安心問答−浄土真宗の信心について−

浄土真宗の信心についての問答

「聞其名号」とは、「私が耳をすましてお救いの南無阿弥陀仏をきこうとする」というよりは、「お救いの南無阿弥陀仏がもう既に私に聞こえていたということに気付く」といった方がよいのでしょうか?「Peing-質問箱-より)

peing-質問箱-より

願成就文の「聞其名号」は私が救われるための大事な御文だと思いますが、ではその「聞其名号」とは、「私が耳をすまして | Peing -質問箱-

質問箱には以下のように書きました。

南無阿弥陀仏をすでに称えた事もあり、南無阿弥陀仏のいわれを聞いてきた人からすれば、「すでに聞いていた事実」があります。
すでに聞いていたことではあったけれども、それがその通りだったと知らされるというのが事実に近い表現だと思います。

これに加えて書きます。

「聞其名号」については、親鸞聖人はこのように書かれています。

「聞其名号」といふは、本願の名号をきくとのたまへるなり。きくといふは、本願をききて疑ふこころなきを「聞」といふなり。またきくといふは、信心をあらはす御のりなり(一念多念証文 - WikiArc.浄土真宗聖典註釈版P678)

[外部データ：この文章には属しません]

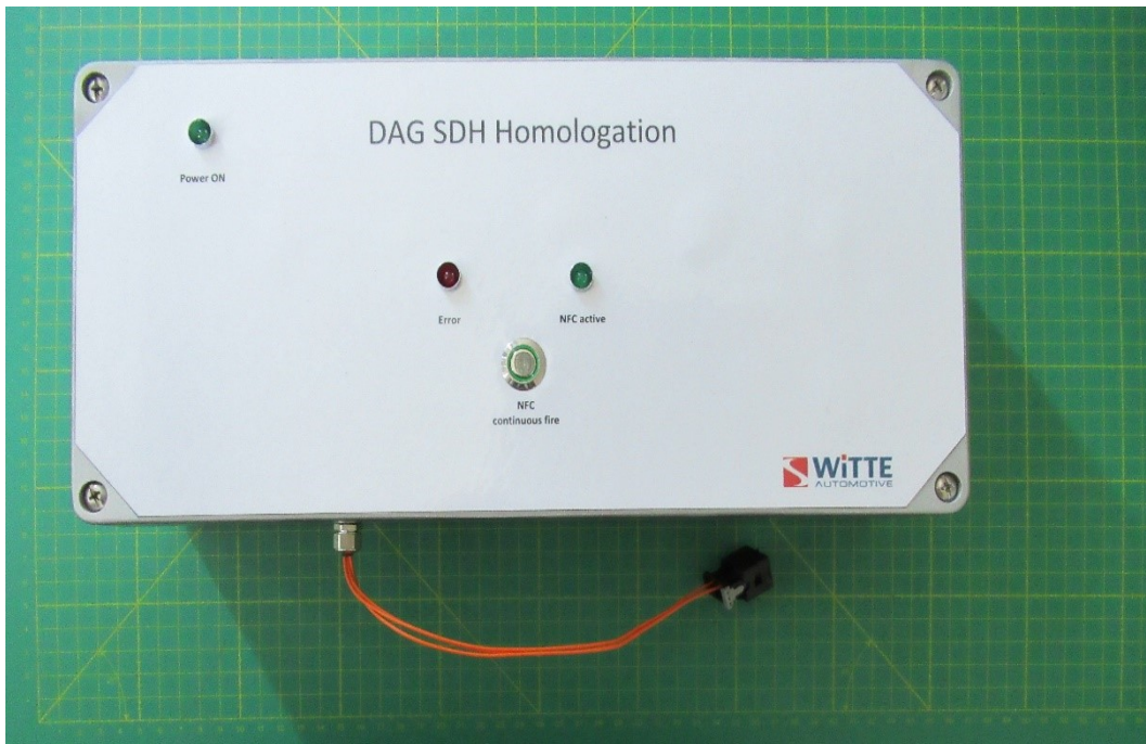
Photograph 3: AE 2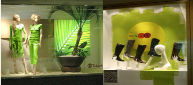
Figure 3: Green window display

We also created an online "Green Attitude Quiz", which was accessible through our shopping centre websites. Visitors answered a series of sustainability-related questions about their actions and behaviour to create a personal environmental profile and measure how "green" they are. Participants could share their scores with friends and families via social media.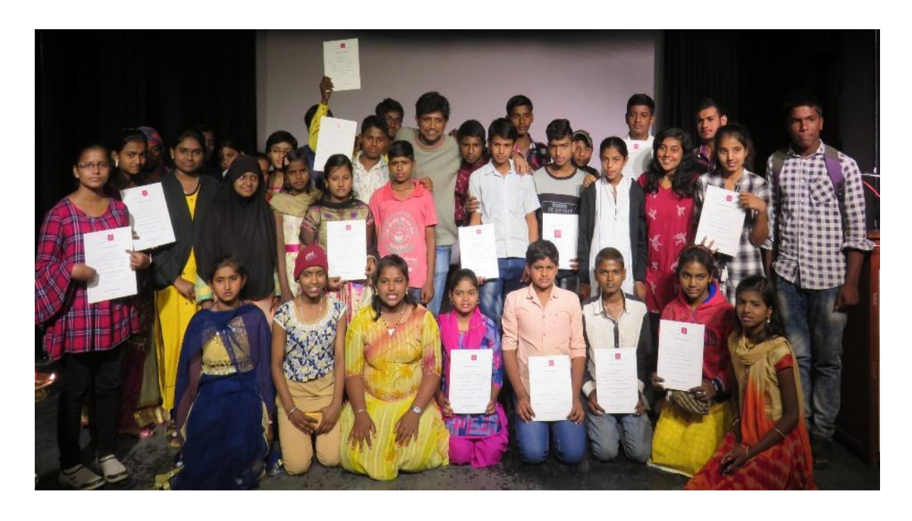
Scholarship Awardees - SSP3

55 scholarships were awarded in 2018 – 2019. Details of the SSP are available on our website.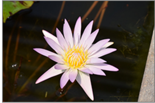
Madame Ganna Walska Tropical Water Lily flowers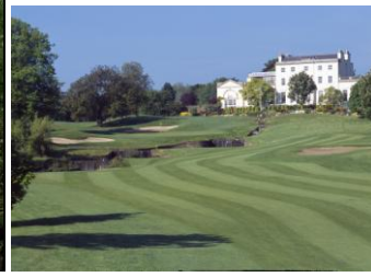
Druid 18 th hole & clubhouse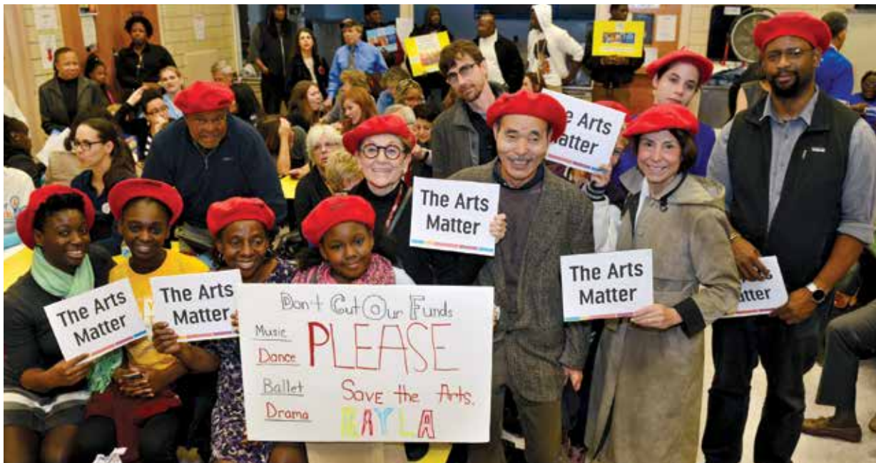
Arts supporters at the Yonkers public hearing for the Westchester County budget on 11/19

Westchester residents consider the arts, especially free summer community concerts, to be a quality of life issue that is really non-negotiable. The arts must continue to thrive in our county.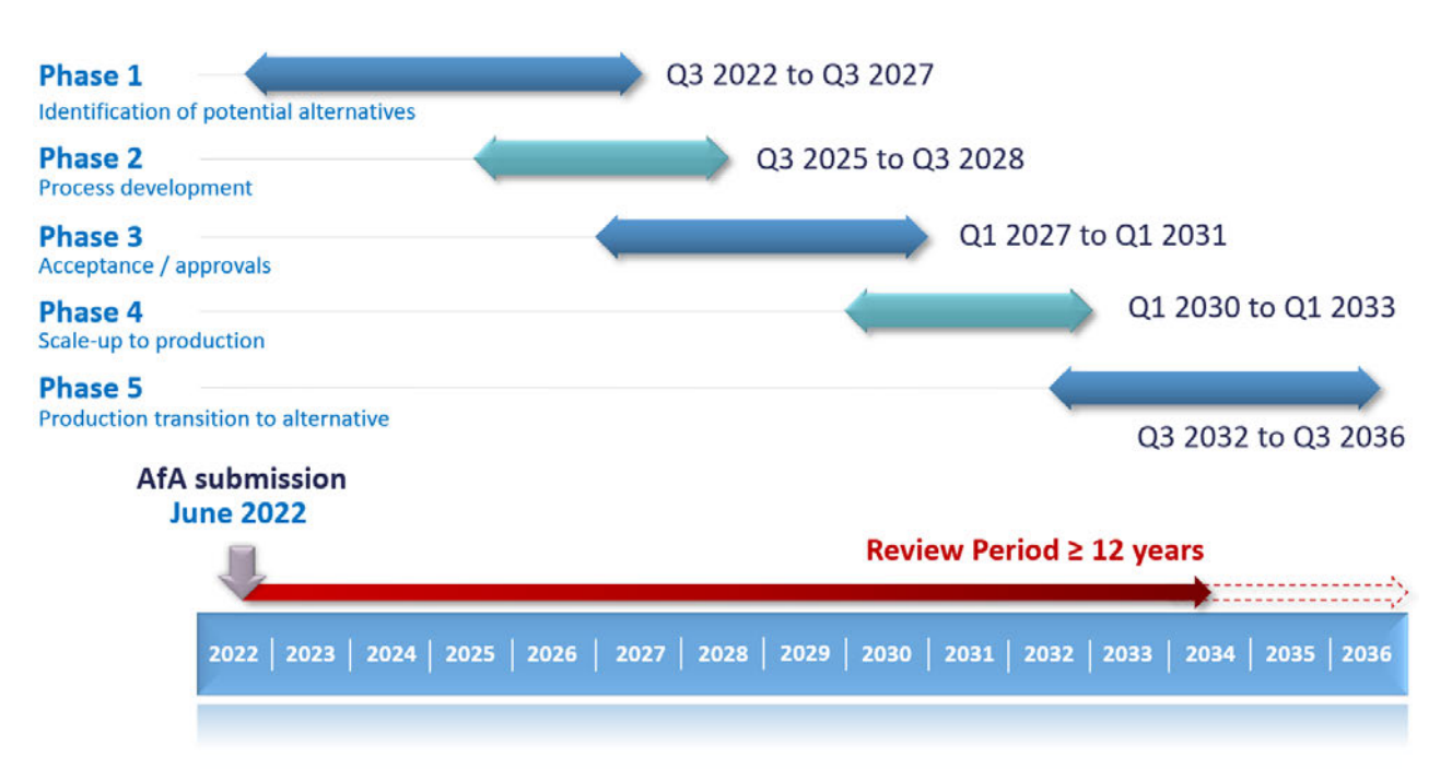
Figure 4: Substitution roadmap for etching (use 1)

The largest market for the applicants in terms of products that require an etching pre-treatment, i.e. involving plastic substrates, is the automotive sector. The following discussion therefore focuses on the automotive sector in particular, although it must be borne in mind that the applicants produce chromeplated plastic products for a wide variety of other markets, such as sanitary ware, heating, brewery, domestic appliances, point of sale and electronic applications. This means that to successfully substitute chromium trioxide in etching, any potential alternative must prove suitable across the range of the applicants' products.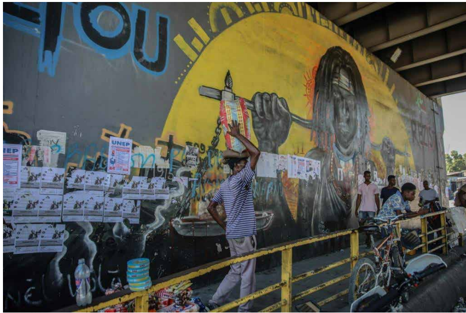
Oct. 18, mural, signs in Haiti call for general strike.

These groups have a history of being paid, armed and directed by the government, politicians of all sorts and businesses. Now, however, under the pressure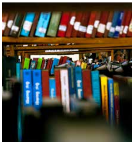
Library in Sri Lanka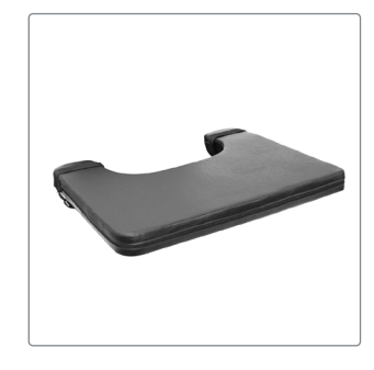
Upper Extremity Support Surface (Foam Tray)^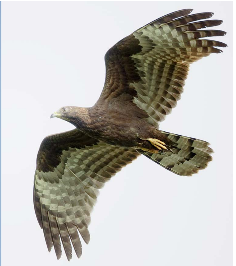
Oriental Honey-buzzard (juvenile), 19 October 2012 - rdc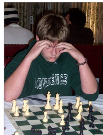
Every move counts

The greatest gift we can give our children is the ability to make good decisions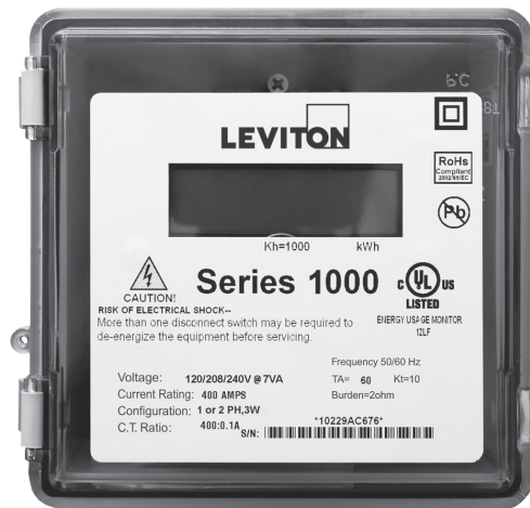
Outdoor NEMA 4X Enclosure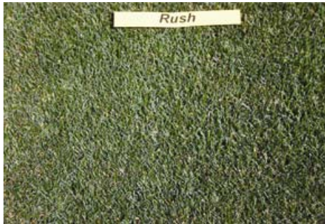
Rush Kentucky bluegrass

Rush is the only Kentucky bluegrass variety bred specifically for competitiveness with Poa annua , particularly under close, fairway-height mowing. Rush was tested as experimental J-2222 and is an elite hybrid of BlueChip Kentucky bluegrass.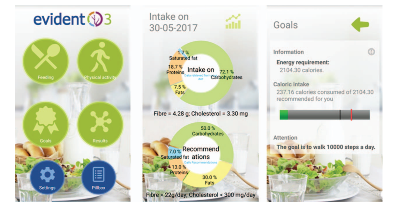
Figure 2. Screenshots of the EVIDENT 3 application.

2.8.1. General analysis. Results will be expressed as mean \pm standard deviation for quantitative variables normally distributed or medians (interquartile ranges) for the skewed variables and by frequency distribution for qualitative variables. The statistical normality will be tested using the Kolmogorov–Smirnov test. The Chi-square test and Fisher exact test will be used to analyze the association between independent qualitative variables. The Student's t test or Mann–Whitney U test will be used for the comparison of means between 2 independent groups. Pearson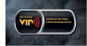
Glass Breakage Sensor (GBS) $165 Installed MSRP*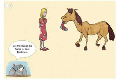
das Pferd zeigt die Socke zu dem Mädchen "the horse is showing the sock to the girl"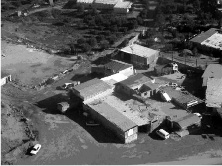
Illegal commercial constructions.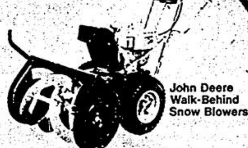
John Deere Walk-Behind Snow Blowers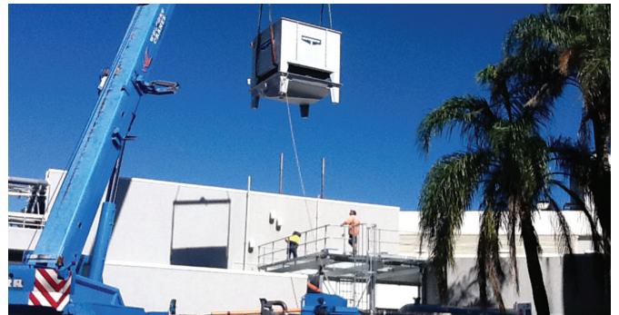
Above: Cooling Towers lifted into the new high efficiency central chiller plant constructed onsite

Six years on, Reef HQ Aquarium also installed a 205kW solar PV array - the latest rooftop addition to their suite of energy saving solutions. The aquarium has recently been recognised for its sustainability efforts and will be rewarded with cost savings well into the future.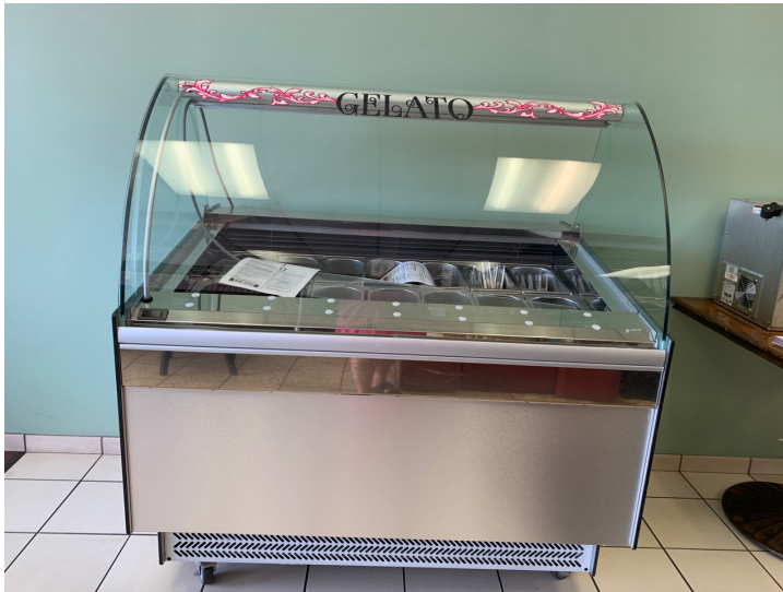
R and C Gelato Machine. $5500.00 trade.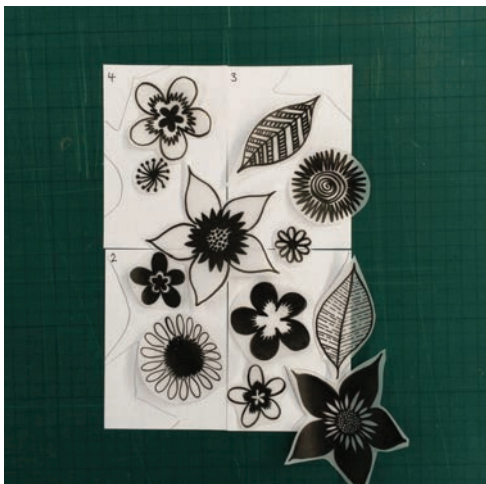
7) Rearrange the pieces into 43 21 and fill in with more motifs.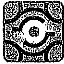
IMAGINIT Clarity Security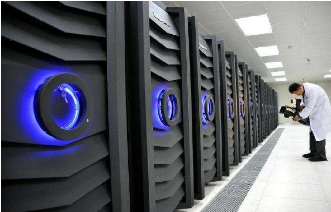
Fig: Super computer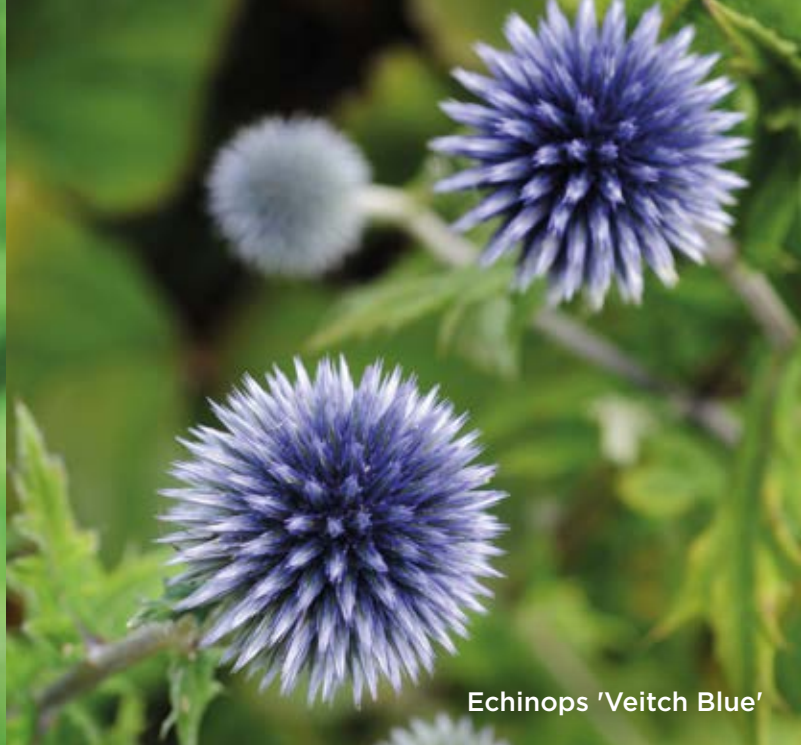
Echinops 'Veitch Blue'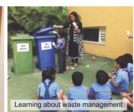
Learning about waste management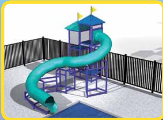
Slide System 204 45' Flume - 10' Deck HT.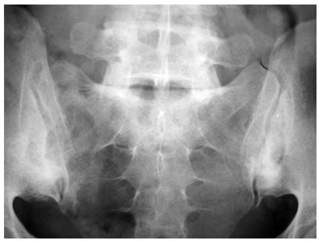
Figure 3. Sacroiliac X-ray showed sclerosis in the inferior regions of both sacroiliac joints.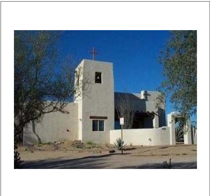
Redeemer Lutheran Church

Our mission is to preach the Word of God, both Law and Gospel, faithfully in accordance with the Holy Scriptures and the Confessions of the Evangelical Lutheran Church; correctly to administer the Holy Sacraments for the forgiveness of sins; and to reach out to those who have not yet come to faith in Christ Jesus.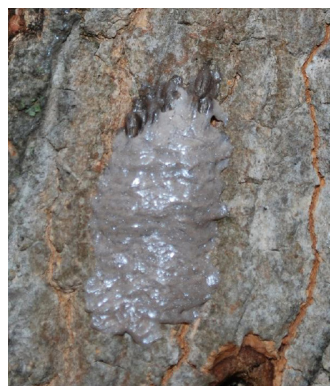
Fig. 2 - Egg Mass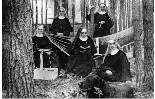
Benedictine sister overseeing the completion of St. Anthony's Hospital offered the first form of affordable healthcare in Bemidji, MN in 1900.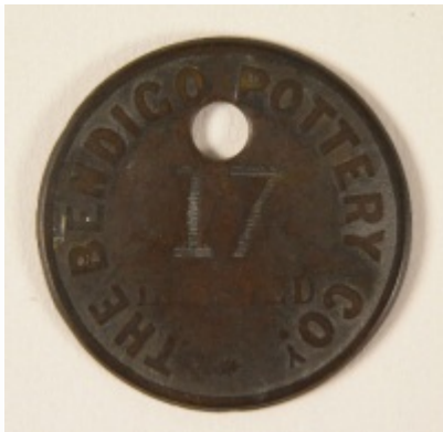
Early 20th century Bendigo Pottery time-keeping token.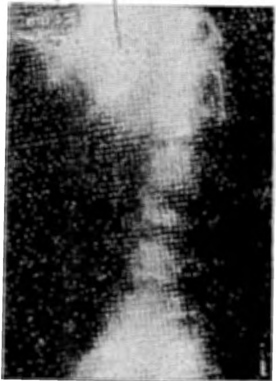
Fig. 1.—This shows the destructive changes present in the third and fourth lumbar vertebrae.

last child aged 3\frac{1}{2} years and also had had some haemoptysis for about one week three months prior to admission. On examination she was very thin and afreble with enlarged rubbery lymph nodes in the right inguinal region, but with no hepatosplenomegaly. Systemic examination of the other systems was negative. Over the region of the third and fourth lumbar vertebrae there was a marked gibbus with two sinuses discharging pus. Radiological examination showed normal lungs but destruction of the third and fourth lumbar vertebrae. (Fig. 1.) Other investigations showed a haemoglobin of 10.7C%, a normal white cell and differential count, normal serum electrolytes and urea, normal serum albumen with somewhat raised serum bilirubin Protein and casts were reported in the urine. The pus swab showed no growth anaerobically or aerobically. Antituberculous therapy was continued and a month after admission Mr. Roper operated on the patient finding a grossly diseased disc and abscess between the third and fourth lumbar vertebrae. The diseased disc was curetted and a sample of the

「聞其名号」とは、文字通り「本願の名号を聞く」ことです。
耳をそばだてて聞こうとするのは、未だ本願の名号をきいたことがなく、これから聞こえてくるだろうという考えなので間違いです。

質問に

「お救いの南無阿弥陀仏がもう既に私に聞こえていたということに気付く」

とあるように、この記事を読んでいるような方は、既に本願の名号を聞いたことがあります。

名号が私の口から出てきてくださる相が念仏といわれるものです。ですから、一声南無阿弥陀仏と念仏するということは、称えられた南無阿弥陀仏を耳で聞いていることになります。

ただ何度となく称えて聞いていても、この南無阿弥陀仏の名号が私を救うとの勅命と思えず、他の何かが聞こえてくださるように思うのが「疑い」です。あるいは自分の何かを良くしなければ聞こえてくださらないと思うのも疑いです。


すでに阿弥陀仏が、私にただちに来たれと呼び続ける声が南無阿弥陀仏です。その喚び声が私の口から出てくださることで称え聞いているのが念仏です。念仏するものを救うとの本願ですから、それをその通りと聞いて疑いないことを信心といいます。

その意味では、
「お救いの南無阿弥陀仏がもう既に私に聞こえていたということに気付く」
というよりは、
「既に聞こえていたと南無阿弥陀仏が救いの法そのものであったと知らされる」
という方がよいと思います。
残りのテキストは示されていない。